For these reasons, we were disappointed with the lack of code, or even executables accompanying the publication of AlphaFold3 in Nature. Although AlphaFold3 expands AlphaFold2’s capacities to include small molecules, nucleic acids, and chemical modifications, it was released without the means to test and use the software in a high-throughput manner. This does not align with the principles of scientific progress, which rely on the ability of the community to evaluate, use, and build upon existing work. The high-profile publication advertises capabilities that remain locked behind the doors of the parent company.
In this publication, several deviations from our community's standards stand out. First, the absence of available code compromises peer review, a cornerstone of scientific publication and a standard typically upheld by journals. Indeed, one of us (RD) was a reviewer, and despite repeated requests, he was not given access to code during the review. Second, the model's limited availability on a hosted web server, capped at ten predictions per day, restricts the scientific community's capacity to verify the broad claims of the findings or apply the predictions on a large scale. Specifically, the inability to make predictions on novel organic molecules akin to chemical probes and drugs, one of the central claims of the paper, makes it impossible to test or use this method. Finally, the pseudocode released will require months of effort to turn into workable code that approximates the performance, wasting valuable time and resources. Even if such a reimplementation is attempted, restricted access raises questions about whether the results could be fully validated.

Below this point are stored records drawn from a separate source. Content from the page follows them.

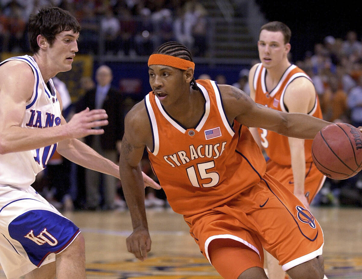 3. Carmelo Anthony (Syracuse): He was fantastic in both Final Four games in 2003, totaling 33 points and 14 rebounds in a semifinal victory against Texas and 20 points, 10 rebounds and seven assists in the title game win against Kansas.
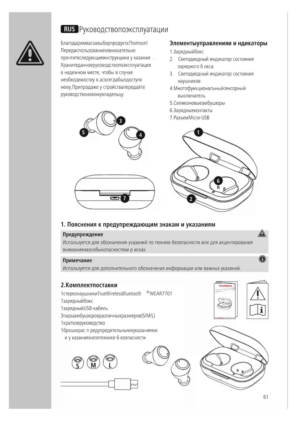 WEAR 7701 1 зарядный бокс 1 зарядный USB-кабель 3 пары амбушюров различных размеров (S/M/L) 1 краткое руководство 1 брошюра спредупредительными указаниями иуказаниями по техникебезопасности R Руководство по эксплуатации True Wireless HeadphonesÉcouteurs True Wireless БББББББББББ ББББББББ True WirelessWEAR7701
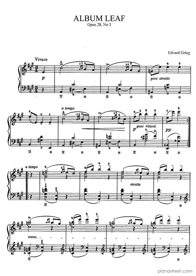 DOWNLOAD: Edvard Grieg - Vivace Op. 28 No. 3 in A Major ( from Album Leafs by Grieg). Piano sheet music to print immediately or to view in mobile devices.
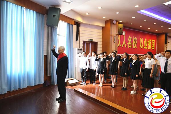 面向鲜红的党旗,17名师生预备党员在离休干部、优秀共产党员李泽南同志的带领下重温入党誓词,立下忠诚于党的铮铮誓言,表达了为党的事业奋斗终身的决心和愿望。
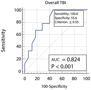 The overall TBI gave a specificity of 55.6% and sensitivity of 100%, with a cutoff ≤ 0.55. (P = 0.001 and AUC = 0.824) for detecting vascular color Doppler ultrasound biphasic and monophasic waveforms versus triphasic waveforms (Figure 7).
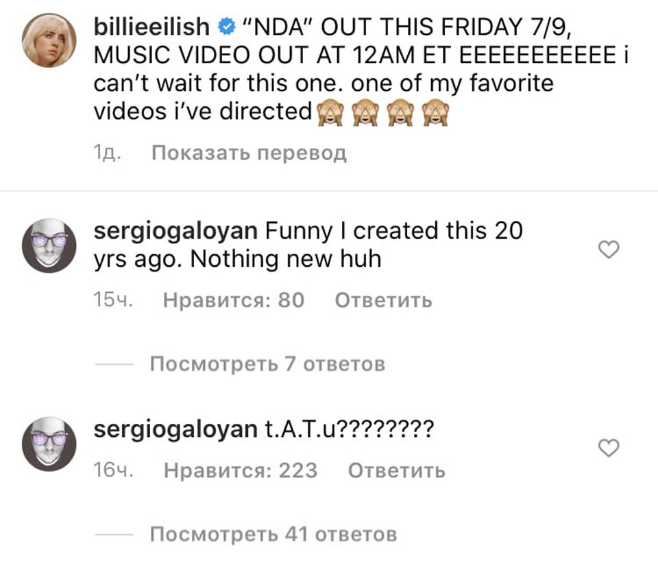 Поклонники «Тату» принялись писать под постом Билли Айлиш: «t.A.T.u. «Show Me Love». Многие жалуются, что их сообщения якобы стирают представители американской звезды. Среди комментаторов оказался и Сергей Галоян, один из самых известных авторов «Тату», перу которого принадлежит и музыка к «Покажи мне любовь».
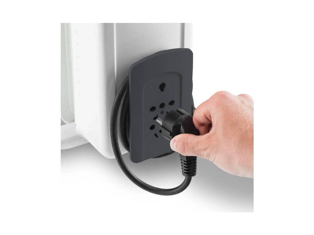 Aufgrund der praktischen Kabelaufwicklung mit Stecker-Aufnahme ist das Gerät sicher transportierbar, ohne dass sich das jeweils 1,4 Meter lange Netzkabel selbstständig macht und zur gefährlichen Stolperfalle wird.
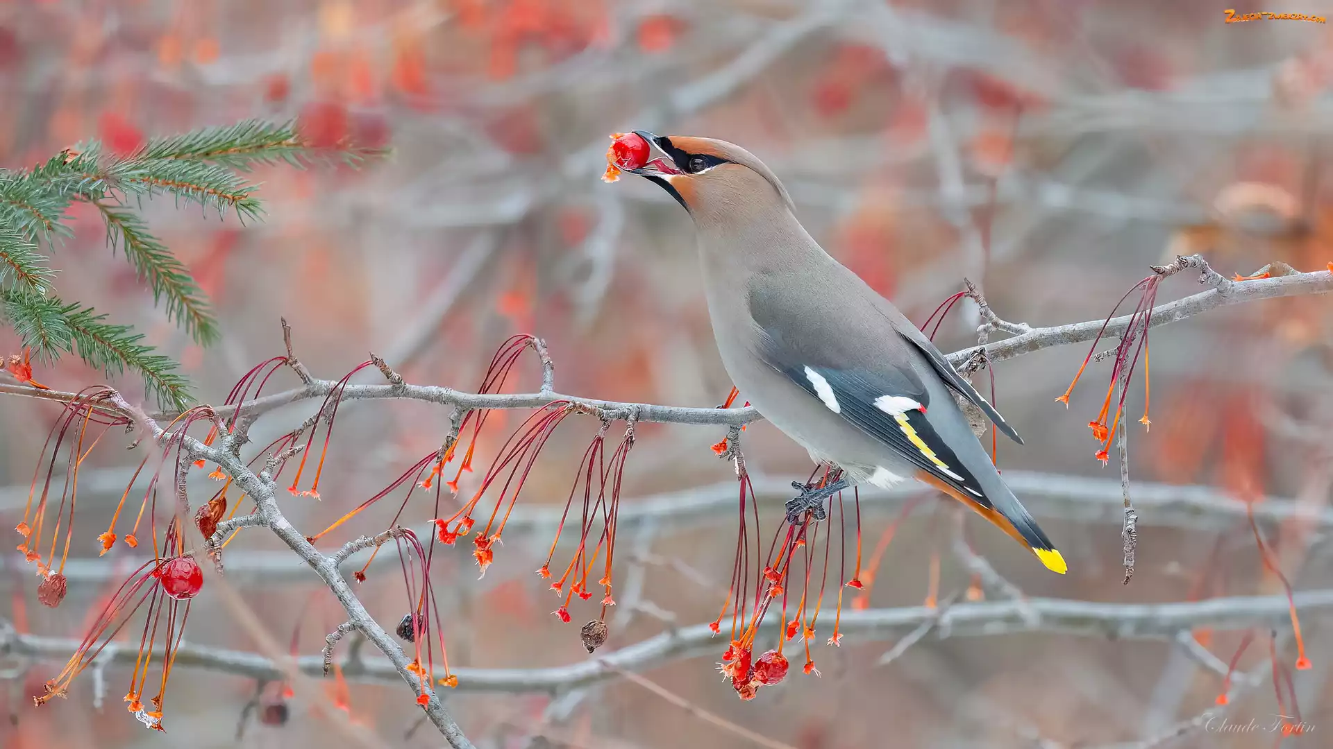 Gałązki, Owoce, Ptak, Jemiołuszka, Czerwone
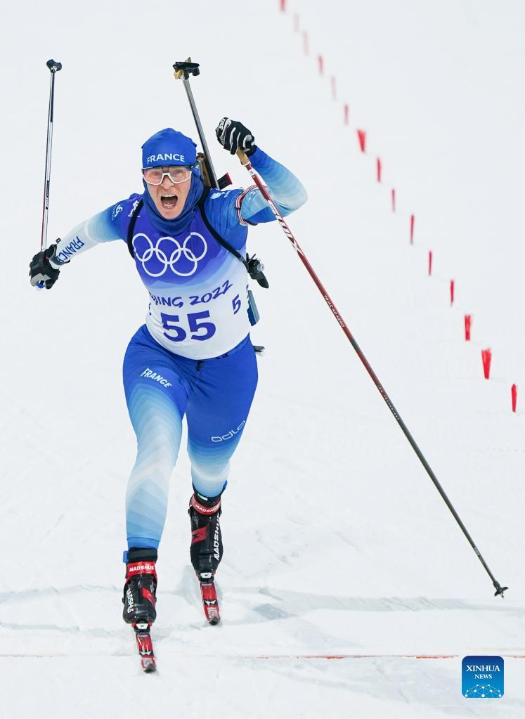 Anais Bescond of France competes during biathlon women's 7.5km sprint at National Biathlon Centre in Zhangjiakou, north China's Hebei Province, Feb. 11, 2022. (Xinhua/Jiang Hongjing)

Computational costs of machine learning approaches are becoming prohibitive for academic institutions, owing to the high costs of training the models, leaving much computational research and potential breakthroughs in the hands of for-profit companies. While companies have the right to capitalize on their innovations, using the imprimatur of academic publications without the possibility of reproducing the results, far less building on them, subverts the enterprise. The amount of disclosure in the AlphaFold3 publication is appropriate for an announcement on a company website (which, indeed, the authors used to preview these developments), but it fails to meet the scientific community’s standards of being usable, scalable, and transparent.

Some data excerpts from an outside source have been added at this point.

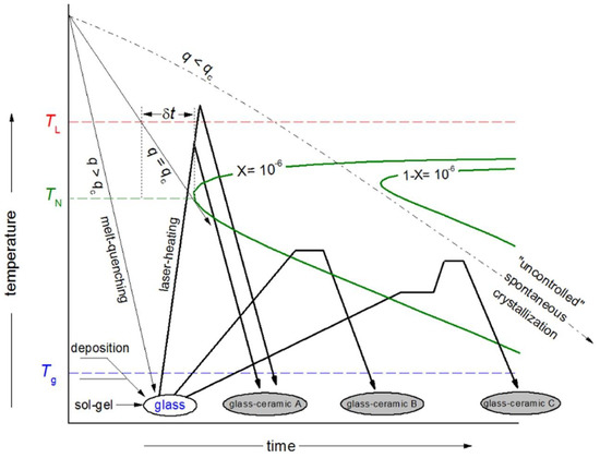 The fabrication of GCs can be viewed as the synthesis of crystals through solid-state confined reactions in supercooled glass. The crystals formed in the glassy matrix are the product of the reaction between the glass components, yet in the solid state. This solid-state reaction can be triggered by increasing the temperature (i.e., thermal treatment), which is the most popular technique for GC fabrication. Glass can be made by fusion quenching techniques above liquid temperatures. A schematic diagram of glass’ transition to GC is shown in Figure 9. In most instances, the cooling rates should be greater than the critical rate to obtain glass (q > qc), where , with TN being nose temperature and t being time. TN represents the temperature at which the crystal fraction of 10-6 is achieved in the shortest time (δt). GCs are usually obtained from parent glass by heat-treating for crystal nucleation and growth. Some GCs are formed directly during cooling from melt using cooling rate q ≤ qc. 2Bi2O3-B2O3 (BBO), TGC is obtained by melt-quenching and heat treatment [62]. The XRD of an as-quenched sample illustrates the presence of nanocrystals, which indicates that a small amount of crystals is precipitated during the cooling of the melt. Moreover, with heat treatment of the as-quenched glass at 380 °C for 1, 2 and 3 h to control the crystallization process, the samples all precipitated Bi4B2O9 crystals.
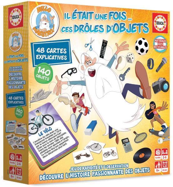 Társasjáték Egyszer volt a tárgyak a spanyol Educa gyártótól gyerekeknek 6 éves kortól. A francia nyelvű társasjáték 48 db kártyát leírással és 140 db képeskártyát tartalmaz, melyek segítségével a gyerekek sok új információval gazdagodnak. Az oktató játék célja a különböző tárgyak történetének és fejlődésüknek a magyarázata. A játék 2-6 játékosnak al
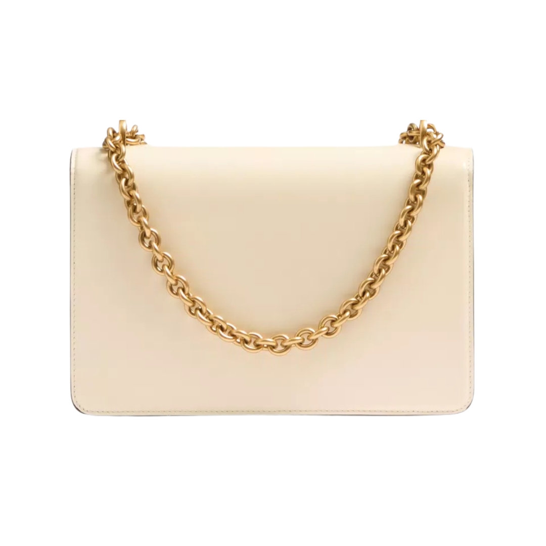 Dimensioni:● Larghezza: 24 cm● Altezza: 17 cm● Profondità: 7 cm Dettagli:● Materiale: Pelle lucida di vitello● Colore: Avorio● Chiusura: Patta

This moment can motivate our community to raise the bar of openness and transparency to accelerate scientific progress. When journals fail to enforce their written policies about making code available to reviewers1 and alongside publications2, they demonstrate how these policies are applied inequitably and how editorial decisions do not align with the needs of the scientific community. While there is an ever-changing landscape of how science is performed and communicated, journals should uphold their role in the community by ensuring that science is reproducible upon dissemination, regardless of who the authors are.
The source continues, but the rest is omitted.